Managing regular data loads¶
This topic provides best practices, general guidelines, and important considerations for managing regular data loads.
Partitioning staged data files¶
When planning regular data loads such as ETL (Extract, Transform, Load) processes or regular imports of machine-generated data, it is important to partition the data in your internal (i.e. Snowflake) stage or external locations (S3 buckets or Azure containers) using logical, granular paths. Create a partitioning structure that includes identifying details such as application or location, along with the date when the data was written. You can then copy any fraction of the partitioned data into Snowflake with a single command. You can copy data into Snowflake by the hour, day, month, or even year when you initially populate tables.
Some examples of partitioned S3 buckets using paths:
s3://bucket_name/application_one/2016/07/01/11/
s3://bucket_name/application_two/location_one/2016/07/01/14/
Where:
application_one
,application_two
,location_one
, etc.Identifying details for the source of all data in the path. The data can be organized by the date when it was written. An optional 24-hour directory reduces the amount of data in each directory.
Note
S3 transmits a directory list with each COPY statement used by Snowflake, so reducing the number of files in each directory improves the performance of your COPY statements. You may even consider creating subfolders of 10-15 minute increments within the folders for each hour.
Similarly, you can also add a path when you stage files in an internal stage. For example:
PUT file:///tmp/file_20160701.11*.csv @my_stage/<application_one>/<location_one>/2016/07/01/11/;
Loading staged data¶
Load organized data files into Snowflake tables by specifying the precise path to the staged files.
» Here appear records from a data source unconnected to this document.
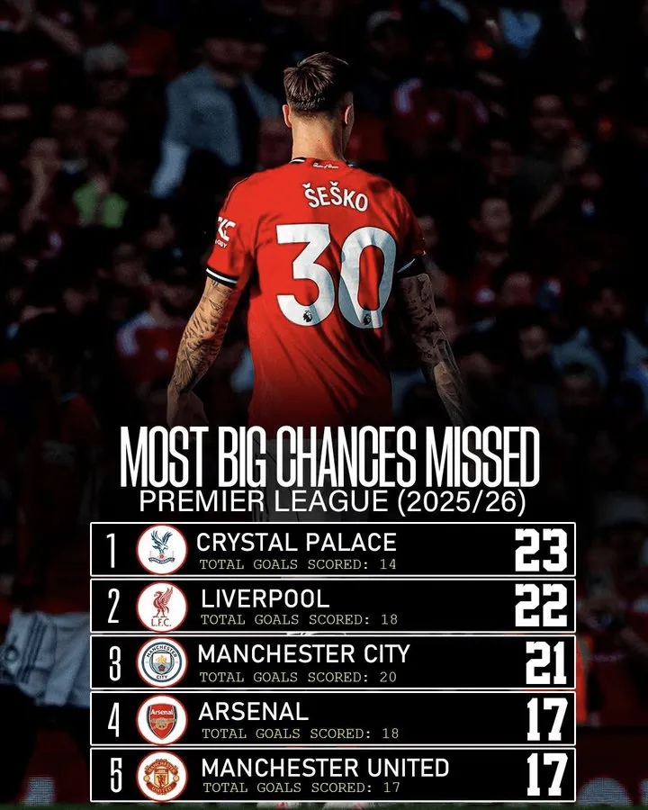 【有進(jìn)步!但不多】——本賽季曼聯(lián)英超已錯(cuò)失17次絕佳的得分機(jī)會(huì)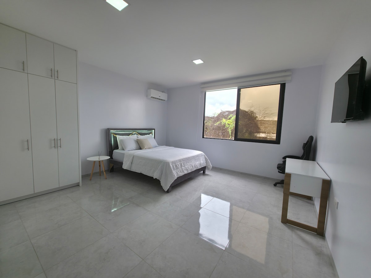 - Disfruta Manta desde este moderno y cómodo departamento 🌊. - Ubicado cerca del mar, es ideal para descanso o trabajo. Cuenta con 2 habitaciones, 2.5 baños, cocina equipada, WiFi rápido 📶 y aire acondicionado ❄️. - Capacidad para 5 huéspedes. - Acceso a piscina 🏊 y áreas comunes. Zona segura, cerca de restaurantes y comercios. - Perfecto para una estadía tranquila, confortable y con todo lo necesario para sentirte como en casa.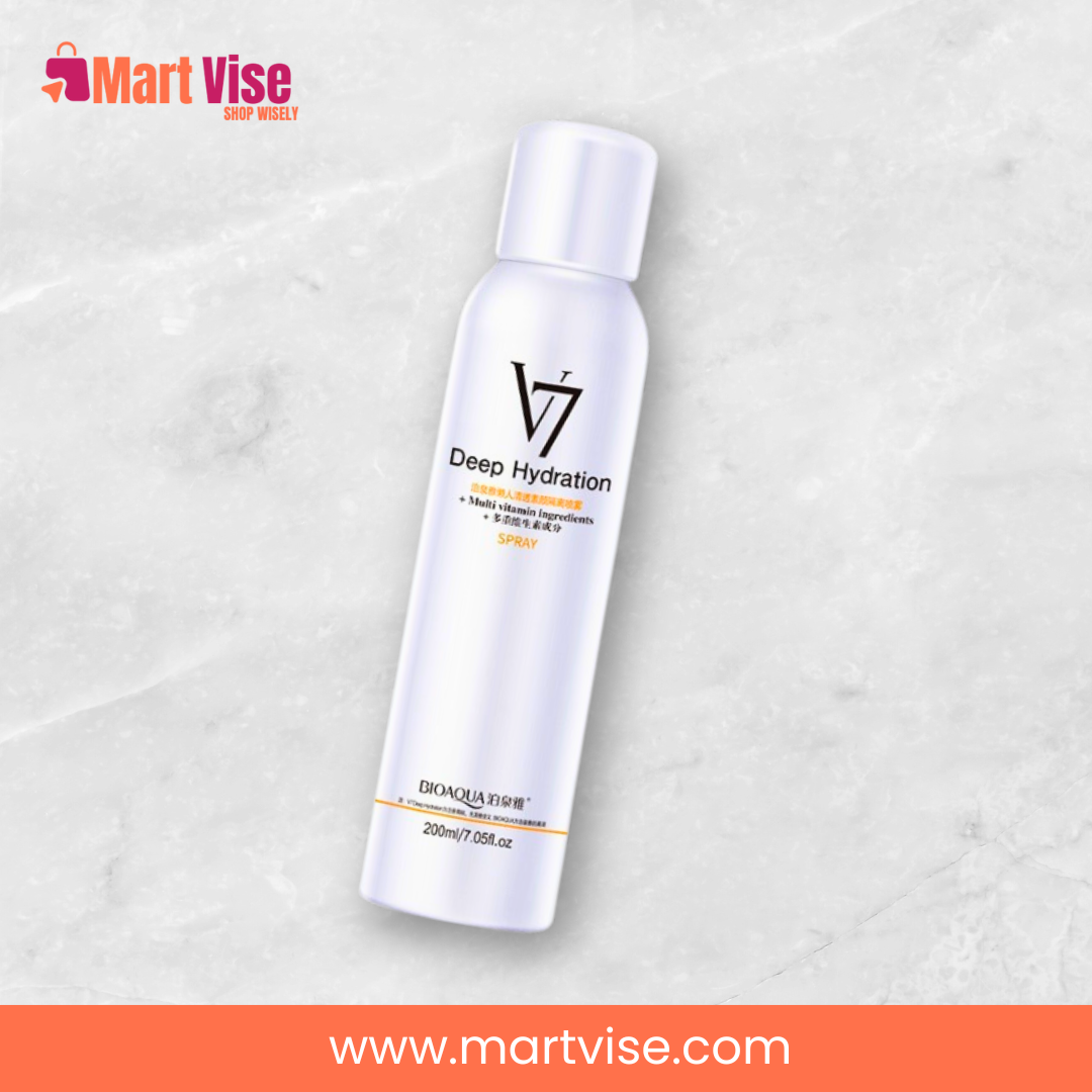 bioaqua V7 hydration spray is an easy, instant-refresh face mist made for skin that feels dry, dull, or tired. With a “V7” concept (7 vitamins) and a deep hydration spray format, it helps moisturise skin quickly while supporting a brighter, fresher look over time. In Pakistan, where heat, humidity, dust, and air-conditioning can leave skin feeling tight or dehydrated, a hydrating mist is a simple way to add comfort without messing up your routine.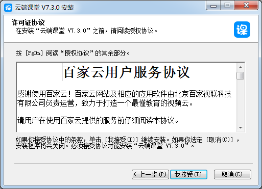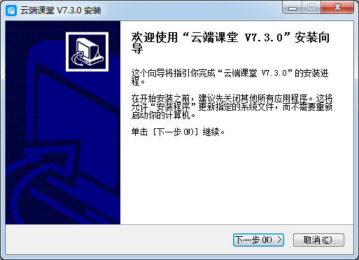 該向?qū)⒁龑?dǎo)您完成“云端課堂V7.3.0”的安裝過程。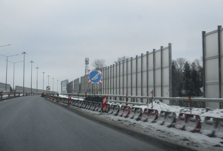 С 12 по 28 февраля будет перекрыта первая полоса движения на 1-ом километре внешнего кольца, а на второй полосе будет введено ограничение скорости до 50 км/ч. Ограничения связаны с установкой шумозащитных экранов.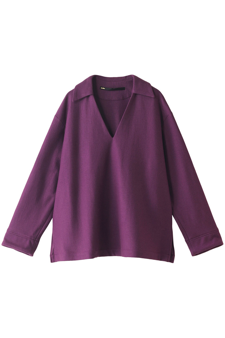 ウール100%の上質な生地を使用した着心地のよいトップスとパンツのセットアップコーディネート。襟の開き具合がすっきりとしたトップスはインナーの合わせ方で長く楽しめます。パンツは体のラインを拾いすぎないフレアシルエットとウエストゴムの楽な着心地がポイント。それぞれ他のアイテムとの相性もよい優秀アイテムです。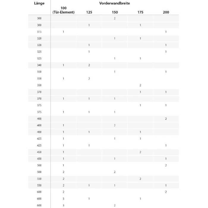 Achten Sie bei der Wahl der unterschiedlichen Vorderwandbreiten darauf, dass Ihre Vorderwand aus mindestens 2 Teilen mit einer Breite größer 100 cm besteht. Mit der Breite 100 (Türelement bzw. Fensterelement) können Sie auf das gewünschte Maß ergänzen.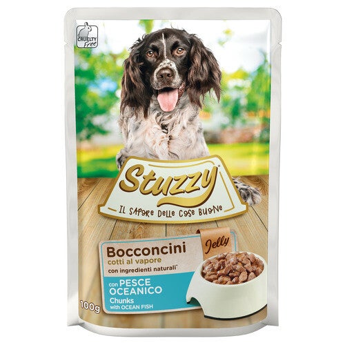 Natuurlijke ingrediënten, hoog vleesgehalte, gestoomd: Stuzzy Chunks met Oceaanvis in gelei is een complete voeding die uw hond zal verleiden met zijn onweerstaanbare smaak!
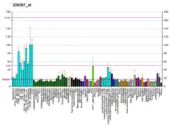 - ↑ Wiemann S, Weil B, Wellenreuther R, Gassenhuber J, Glassl S, Ansorge W, Bocher M, Blocker H, Bauersachs S, Blum H, Lauber J, Dusterhoft A, Beyer A, Kohrer K, Strack N, Mewes HW, Ottenwalder B, Obermaier B, Tampe J, Heubner D, Wambutt R, Korn B, Klein M, Poustka A (Mar 2001). "Toward a catalog of human genes and proteins: sequencing and analysis of 500 novel complete protein coding human cDNAs". Genome Res. 11 (3): 422–35. doi:10.1101/gr.GR1547R. PMC 311072. PMID 11230166.

For more information, see Organizing data by path.
Removing loaded data files¶
When data from staged files is loaded successfully, consider removing the staged files to ensure the data is not inadvertently loaded again (duplicated).
Note
Do not remove the staged files until the data has been loaded successfully. To check if the data has been loaded successfully, use the COPY_HISTORY command. Check the STATUS
column to determine if the data from the file has been loaded. Note that if the status is Load in progress
, removing the staged file can result in partial loads and data loss.
Staged files can be deleted from a Snowflake stage (user stage, table stage, or named stage) using the following methods:
Files that were loaded successfully can be deleted from the stage during a load by specifying the PURGE copy option in the COPY INTO <table> command.
After the load completes, use the REMOVE command to remove the files in the stage.
Removing files ensures they aren’t inadvertently loaded again. It also improves load performance, because it reduces the number of files that COPY commands must scan to verify whether existing files in a stage were loaded already.